P < .05 considered statistically significant and are shown in bold.
Figure 1.Ego’s predicted probability of smoking outcome by network characteristics. For each outcome, 4 networks were arbitrarily chosen to represent a wide variety of predicted probabilities. We then visualized the network, color-coding alter nodes by their smoking status and the ego’s nodes by their predicted probability. For a given outcome, left to right, the predicted probability for the ego increases and is reflected by increasing darkness on the gray scale. For example, for predicting “never-smokers” the left-most network comprises 4 unconnected current smokers and a reinforcing triad of unsuccessful quitters, which all have negative associations in the corresponding regression, leading to a low predicted probability. On the right, the network has 3 unconnected successful quitters and 3 never smokers, 2 of whom form a reinforcing triad, leading to a high predicted probability.
Figure 2.Ego’s predicted probability of smoking outcome by Alter’s smoking status. For each outcome, we constructed 6 synthetic networks comprising 2 pairs of alters, 1 pair forming a reinforcing triad and the other not. The 6 networks cover all permutations of pairing alters by smoking status. We then visualized the network, color-coding alter nodes by their smoking status and the ego’s nodes by their predicted probability. For a given outcome, left to right, the predicted probability for the ego increases and is reflected by increasing darkness on the gray scale.

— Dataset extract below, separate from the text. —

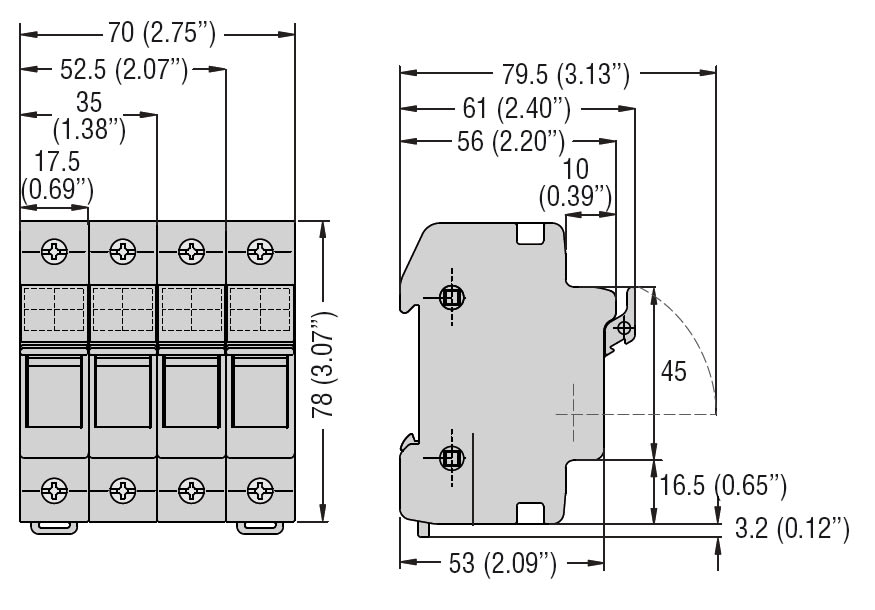 BASE PORTAFUSIBILI, PER FUSIBILI 10X38MM. CORRENTE NOMINALE 32A (690VAC), 1P. CON INDICATORE LUMINOSO. 1 MODULO

Figure 3.Ego’s predicted probability of smoking outcome by network structure. For each outcome, we constructed 5 synthetic networks comprising 2 pairs of alters, each pair sharing a smoking behavior. The networks included (1) no alter-alter ties, (2) both possible reinforcing triads, (3) both possible heterogeneous triads, and (4-5) One reinforcing triad and one heterogeneous triad. We then visualized the network, color-coding alter nodes by their smoking status and the ego’s nodes by their predicted probability. For a given outcome, left to right, the predicted probability for the ego increases and is reflected by increasing darkness on the gray scale.